Question

a common design requirement is that an environment must fit the range of people who fall between the 5th percentile for women and the 95th percentile for men. in designing an assembly - work table, the sitting knee height must be considered, which is the distance from the bottom of the foot to the top of the knee. males have sitting knee heights that are normally distributed with a mean of 21.4 in. and a standard deviation of 1.2 in. females have sitting knee heights that are normally distributed with a mean of 19.1 in. and a standard deviation of 1.1 in. use this information to answer the following questions. what is the minimum table clearance required to satisfy the requirement of fitting 95% of men? in (round to one decimal place as needed.)

Explanation:

Step1: Find the z - score for the 95th percentile

The 95th percentile corresponds to a cumulative probability of 0.95. Looking up in the standard normal distribution table (z - table), the z - score $z$ such that $P(Z\leq z)=0.95$ is approximately $z = 1.645$.

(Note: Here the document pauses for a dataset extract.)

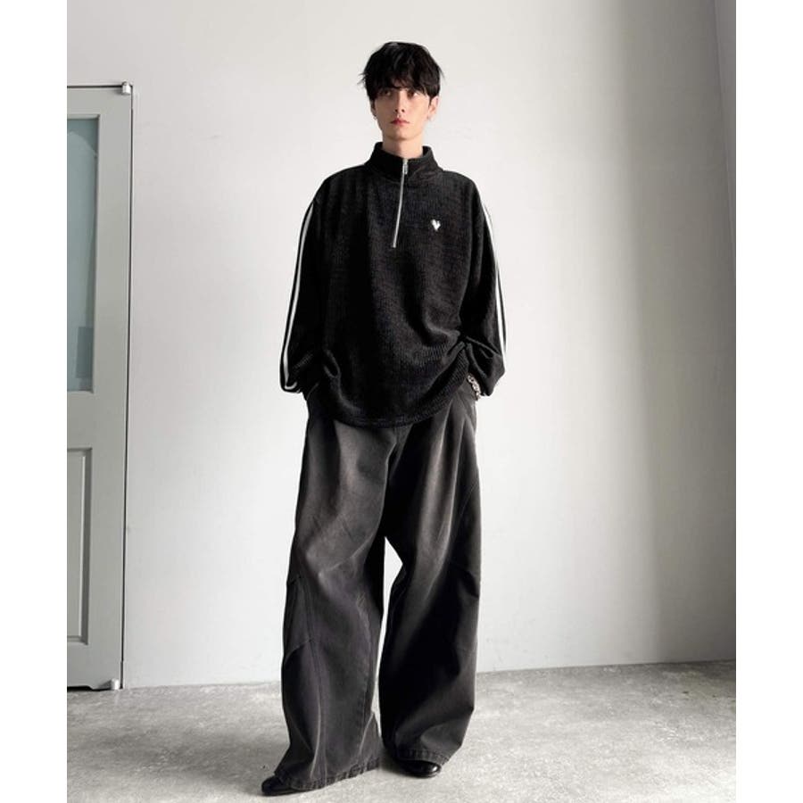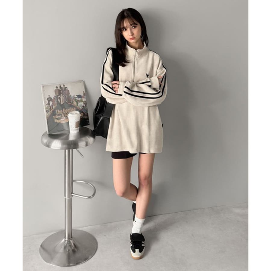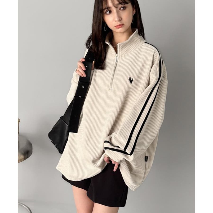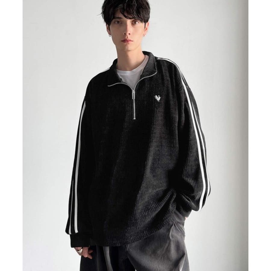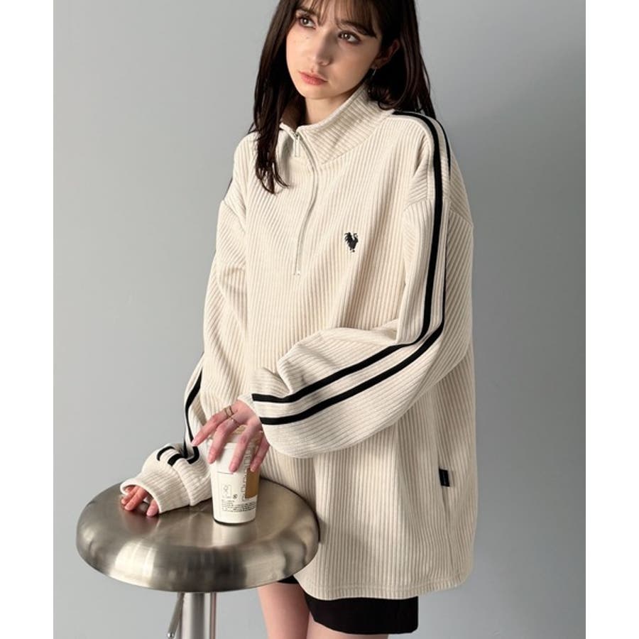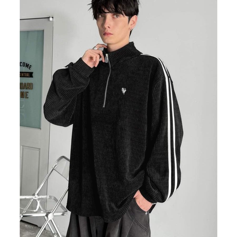 コーデュロイ素材Wラインハーフジップトレーナー」

Step2: Use the z - score formula

The z - score formula is $z=\frac{x-\mu}{\sigma}$, where $x$ is the value from the original normal distribution, $\mu$ is the mean, and $\sigma$ is the standard deviation. We want to find $x$ (sitting knee height for men), $\mu = 21.4$ in and $\sigma=1.2$ in.
We can re - arrange the formula to solve for $x$: $x=\mu + z\sigma$.

Step3: Substitute the values

Substitute $\mu = 21.4$, $z = 1.645$, and $\sigma = 1.2$ into the formula:
$x=21.4+1.645\times1.2$.
First, calculate $1.645\times1.2 = 1.974$.
Then, $x=21.4 + 1.974=23.374\approx23.4$ in.

Answer:

23.4